I’m new to these forums, but I’ve been using django professionally for work these past few years. Here and there, I’ve begun to find paper cuts that make the django ORM difficult, and sometimes dangerous to use on our fast-growing team. I wanted to specifically highlight one of those areas today, and gauge the community’s feelings on it.
We recently had an incident at work that was partially due to our use of the QuerySet.first() method in scenarios where we want to get the first result of a query, or if one does not exist, just None. The problem here is that we don’t actually care about the ordering of the results, but .first() will automatically add .order_by(“pk”) if the query is not already ordered, and this additional unnecessary ordering caused postgres to incorrectly use the primary key index on our table (due to the order by), rather than using the index relevant to the .filter(…) in our query, which led to massively degraded performance in a hotpath.
So far as I can tell, there are no methods available in QuerySet that are equivalent to .first(), but unordered, and so to achieve similar functionality, you generally have to write several lines of code instead. This creates a natural incentive to use .first() instead of those alternatives (due to the ergonomics), even though it may improperly apply ordering to a query which does not otherwise need or want it.
So my proposal is to take inspiration from the ActiveRecord ORM used by Ruby on Rails, and add a .take() method, documented here: ActiveRecord::Associations::CollectionProxy
Thanks for taking the time to read! Curious to hear others’ thoughts on this.
So far as I can tell, there are no methods available in QuerySet that are equivalent to .first(), but unordered
Would next(iter(qs[:1]), None) address your use case? It would be nice to see the multi-line recipe you’re using now.
I did have this same use case when I needed to access prefetched relations, and I ended up with the verbose:
my_instance.long_related_model_set.all()[0]
if my_instance.long_related_model_set.all()
else None
if the query is not already ordered, and this additional unnecessary ordering caused postgres to incorrectly use the primary key index on our table (due to the order by), rather than using the index relevant to the .filter(…) in our query, which led to massively degraded performance in a hotpath.
Model managers are nice for encapsulating query logic such that you know the intended index will be used. That’s where I would implement a take() method on your models that need them.
Would next(iter(qs[:1]), None) address your use case? It would be nice to see the multi-line recipe you’re using now.
That is better than what we ended up implementing in the rush of incident management (we used .all()[0] wrapped in a try/catch for handling IndexError), but it is still comparatively more-verbose/less-discoverable compared to a built-in QuerySet method. In other words, this still has poor ergonomics.
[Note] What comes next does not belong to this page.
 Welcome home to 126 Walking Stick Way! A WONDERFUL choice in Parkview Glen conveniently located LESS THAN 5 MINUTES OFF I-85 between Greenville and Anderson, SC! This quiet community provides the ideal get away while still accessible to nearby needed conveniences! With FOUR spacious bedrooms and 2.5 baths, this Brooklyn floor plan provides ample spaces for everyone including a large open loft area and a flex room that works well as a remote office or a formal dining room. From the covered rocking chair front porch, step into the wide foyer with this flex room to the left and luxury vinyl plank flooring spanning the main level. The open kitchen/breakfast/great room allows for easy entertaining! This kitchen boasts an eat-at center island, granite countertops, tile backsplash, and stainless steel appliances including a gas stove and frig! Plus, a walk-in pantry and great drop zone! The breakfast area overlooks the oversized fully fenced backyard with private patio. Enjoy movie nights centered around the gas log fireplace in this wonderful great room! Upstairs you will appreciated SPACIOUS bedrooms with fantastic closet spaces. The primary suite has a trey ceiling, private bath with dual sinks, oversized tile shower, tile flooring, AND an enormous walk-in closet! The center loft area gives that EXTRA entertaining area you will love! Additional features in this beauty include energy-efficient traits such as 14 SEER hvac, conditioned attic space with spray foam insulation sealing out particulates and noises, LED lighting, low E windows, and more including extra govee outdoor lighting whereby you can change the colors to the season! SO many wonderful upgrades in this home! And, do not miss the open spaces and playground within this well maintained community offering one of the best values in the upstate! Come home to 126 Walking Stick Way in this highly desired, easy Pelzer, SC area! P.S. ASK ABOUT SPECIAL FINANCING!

I suppose I just feel like this is a very generic feature, fit for use across really any QuerySet. Most other ORMs have an ergonomic method for getting the first row out of a query without auto-ordering it. It actually feels rather divergent that Django’s ORM does not provide a way to do this, IMO.
Some examples other than ActiveRecord (sorry some aren’t hyperlinks, I’m limited in how many links I can include in a post as a new user):
None of these include auto-ordering that I could see, which already makes Django’s ORM somewhat surprising here (it was to me when I first found out about it!), unless you are coming from a Rails background. IMO, providing a method that supports this kind of query is a very natural API for any SQL ORM to support.
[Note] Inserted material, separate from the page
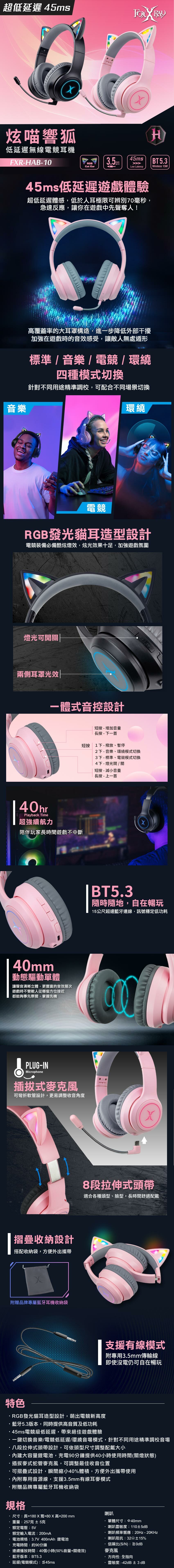 ▶RGB發光貓耳造型設計,萌出電競新高度。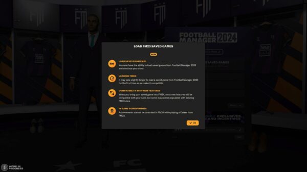 Έτσι, όσοι αγοράσετε το FM 2024 και κάνετε την εγκατάσταση του, στην αρχή του, εκτός από τη γνωστή επιλογή να ξεκινήσετε ένα νέο παιχνίδι-καριέρα, θα σας δίνει την ευκαιρία να συνεχίζετε την καριέρα σας, το προηγούμενο save σας, από τον τίτλο της περασμένης χρονιάς, δηλαδή, του 2023.

I’m not sure I share you concern here. SQL without ORDER BY already is non-deterministic in the results it returns, and developers at large are generally aware that if they need a deterministic ordering for query results, they need to ask for it explicitly. And of course, .first() will continue to exist, and I think novice developers who are not aware of such concerns are much more likely to find .first() than .take() anyway.
I’m starting to agree with you – I ended up editing my response once I remembered I had to implement something similar to take the first element of out a prefetched relation to show what I resorted to
I’m glad to hear you are finding this at least directionally compelling
Is there anything I could do to help contribute something like this upstream? I would be happy to write up a more detailed specification/feature request somewhere and/or put together a pull request which implements this method to enable further discussion. I am open to whatever you would suggest!
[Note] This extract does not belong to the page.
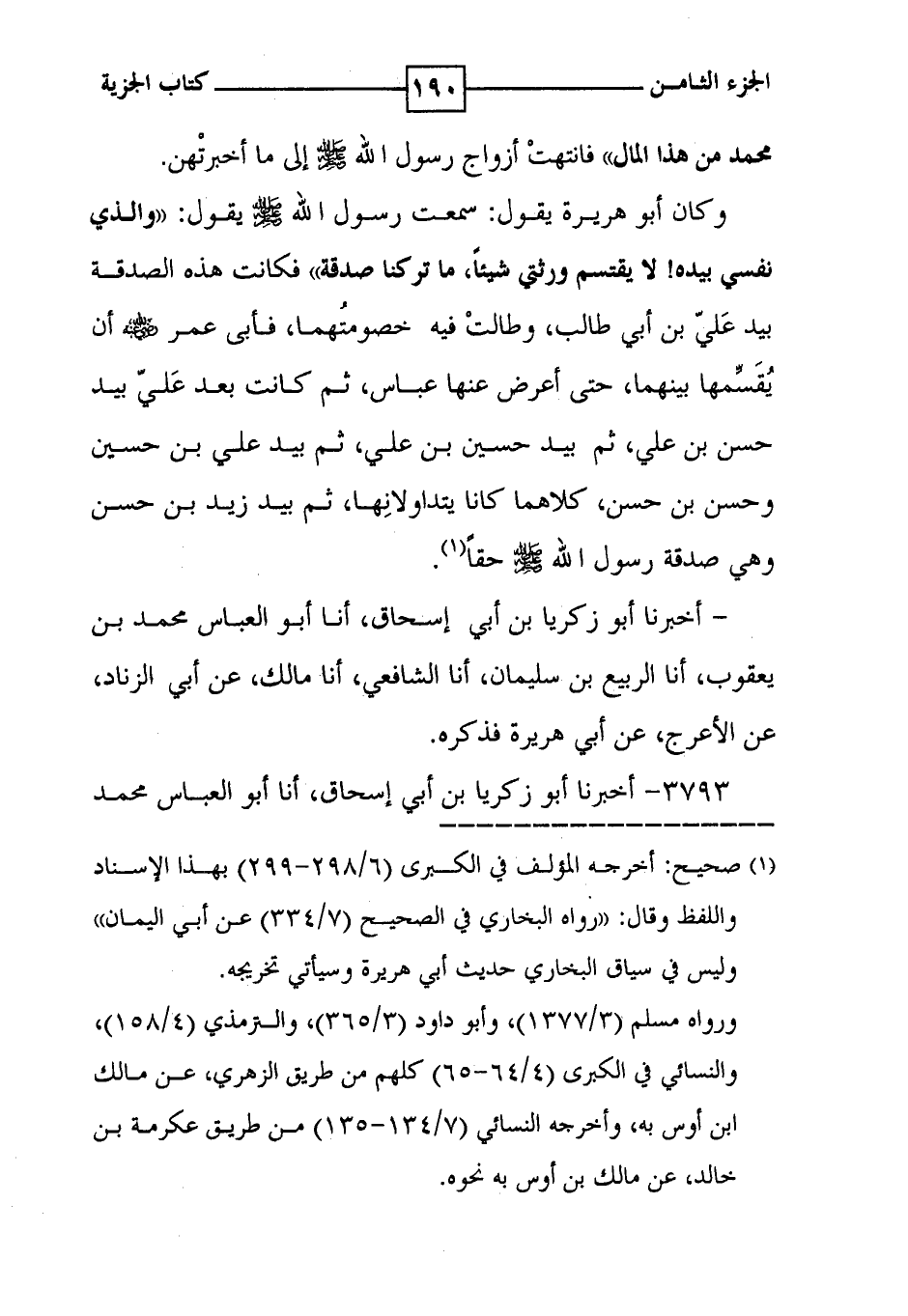 محمد من هذا المال ' فانتهت أزواج رسول الله صلى الله عليه وسلم إلى ما أخبرتهن . وكان أبو هريرة يقول : سمعت رسول الله صلى الله عليه وسلم يقول : ' والذي نفسي بيده ! لا يقتسم ورثتي شيئاً ، ما تركنا صدقة ' فكانت هذه الصدقة بيد علي بن أبي طالب ، وطالت فيه خصومتهما ، فأبى عمر رضي الله عنه أن يقسمها بينهما ، حتى أعرض عنها عباس ، ثم كانت بعد علي بيد حسن بن علي ، ثم بيد حسين بن علي ، ثم بيد علي بن حسين وحسن بن حسن ، كلاهما كانا يتداولانها ، ثم بيد زيد بن حسن وهي صدقة رسول الله صلى الله عليه وسلم حقاً ( 1 ) . - أخبرنا أبو زكريا بن أبي إسحاق ، أنا أبو العباس محمد بن يعقوب ، أنا الربيع بن سليمان ، أنا الشافعي ، أنا مالك ، عن أبي الزناد ، عن الأعرج ، عن أبي هريرة فذكره .

P.S. I just saw that you have recently joined the Django Fellowship team. Congrats on the new role!
Thanks! Let’s wait to hear from more voices. If the response is at least mildly positive in a couple weeks, I would open a ticket at django/new-features and be sure to show the current workarounds.
Although clearly documented, the pk auto-ordering of first() / last() always felt like a surprising side effect to me. Pretty much for the same reason as @andy-monroe points out above - I simply was not used to this from other ORMs (mainly SQLAlchemy and SQLObject, if someone still knows it…). If I am not wrong it is also the only occasion, where the ORM does this, so it is somewhat unexpected from knowing other ORM mechanics.
Instead of introducing yet another API method, wouldn’t it be better to revisit the reasons for the auto-ordering and, if possible, lift that behavior on first() / last()?
@jerch while I am personally in favor of that, this would result in a significant/breaking change for current behavior, which seems well worth avoiding.
For now, we could definitely update the docstring for QuerySet.first() to make the existing behavior much more readily discoverable for newcomers.